AUROC were compared using the Delong test.
In the elastography group and considering fibrotic MASH, the thereto-designed FAST had a significantly higher AUROC than Agile3+ and VCTE, and conversely, considering advanced fibrosis, the thereto-designed Agile3+ and VCTE had significantly higher AUROCs than FAST. The elastography-based tests performed better than the simple blood tests for their designed diagnostic targets: FAST had a significantly higher AUROC than FNI for fibrotic MASH and Agile3+ a significantly higher AUROC than FIB-4 for advanced fibrosis. VCTE was unreliable in 70 patients (8.6%). Restricting the analysis to the subgroup of patients with reliable VCTE did not change the study results (Table S3).
Comparable results were found in the specialized blood tests group.
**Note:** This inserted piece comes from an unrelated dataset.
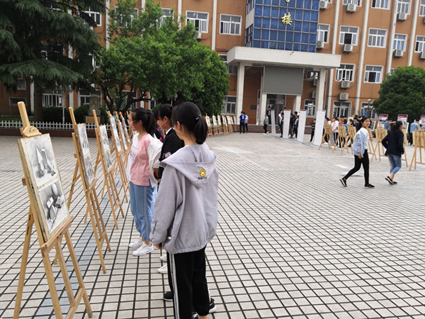 5月16日,六安市艺术学校在教学楼前广场举行2019年师生美术作品展。

For the diagnosis of fibrotic MASH, the thereto-designed MACK-3 had a significantly higher AUROC compared with the advanced-fibrosis-designed ELF or FibroTest. Conversely, ELF had a significantly higher AUROC compared to MACK-3 for the diagnosis of advanced fibrosis. Specialized blood tests outperformed simple blood tests for their designed diagnostic targets: MACK-3 had a significantly higher AUROC than FNI for fibrotic MASH, and similarly ELF had a significantly higher AUROC than FIB-4 for advanced fibrosis.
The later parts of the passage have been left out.